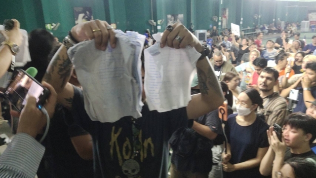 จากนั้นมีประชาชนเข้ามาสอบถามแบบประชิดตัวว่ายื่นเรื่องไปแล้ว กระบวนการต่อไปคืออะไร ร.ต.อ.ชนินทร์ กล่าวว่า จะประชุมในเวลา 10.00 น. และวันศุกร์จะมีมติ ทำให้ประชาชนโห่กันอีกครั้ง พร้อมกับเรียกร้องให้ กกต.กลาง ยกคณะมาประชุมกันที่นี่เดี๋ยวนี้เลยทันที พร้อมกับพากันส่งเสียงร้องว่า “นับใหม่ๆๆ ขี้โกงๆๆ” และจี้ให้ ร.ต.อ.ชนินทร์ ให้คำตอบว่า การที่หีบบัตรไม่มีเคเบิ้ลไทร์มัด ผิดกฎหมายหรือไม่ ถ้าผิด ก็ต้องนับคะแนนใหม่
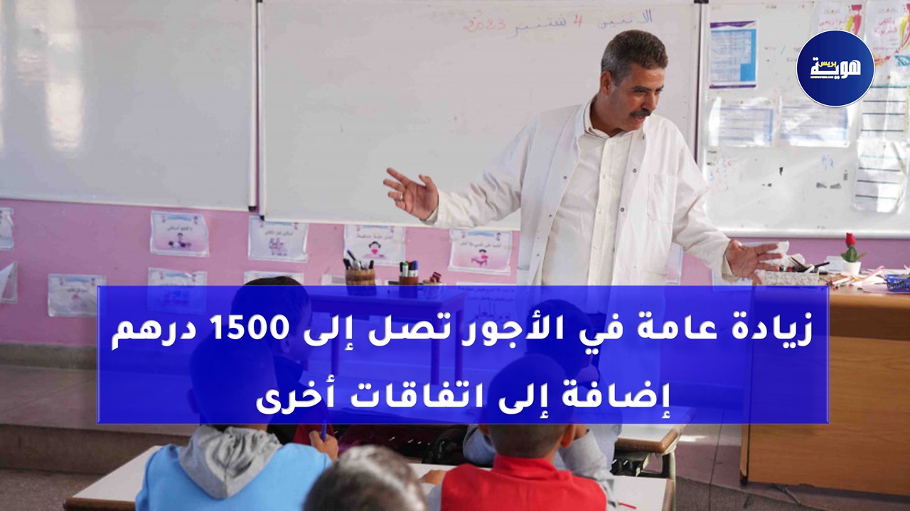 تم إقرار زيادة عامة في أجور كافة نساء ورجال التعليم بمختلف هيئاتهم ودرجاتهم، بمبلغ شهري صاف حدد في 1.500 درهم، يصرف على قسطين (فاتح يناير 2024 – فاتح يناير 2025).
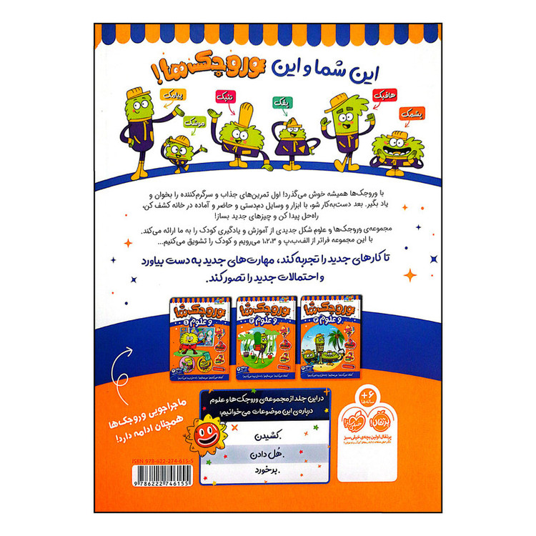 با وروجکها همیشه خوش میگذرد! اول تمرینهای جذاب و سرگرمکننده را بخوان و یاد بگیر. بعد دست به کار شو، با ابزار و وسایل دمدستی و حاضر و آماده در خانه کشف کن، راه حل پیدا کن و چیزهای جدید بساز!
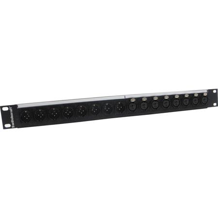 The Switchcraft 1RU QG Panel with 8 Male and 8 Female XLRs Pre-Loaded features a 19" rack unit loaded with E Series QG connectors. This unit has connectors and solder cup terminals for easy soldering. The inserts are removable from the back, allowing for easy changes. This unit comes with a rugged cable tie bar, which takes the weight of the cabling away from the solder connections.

▶ [What you need to do]: Reproduce the listing above exactly from the line containing "تم إقرار زيادة" up to and including the line containing "با وروجکها همیشه", omitting any images and everything outside those lines.

▶ [Task output]:
 تم إقرار زيادة عامة في أجور كافة نساء ورجال التعليم بمختلف هيئاتهم ودرجاتهم، بمبلغ شهري صاف حدد في 1.500 درهم، يصرف على قسطين (فاتح يناير 2024 – فاتح يناير 2025).
 با وروجکها همیشه خوش میگذرد! اول تمرینهای جذاب و سرگرمکننده را بخوان و یاد بگیر. بعد دست به کار شو، با ابزار و وسایل دمدستی و حاضر و آماده در خانه کشف کن، راه حل پیدا کن و چیزهای جدید بساز!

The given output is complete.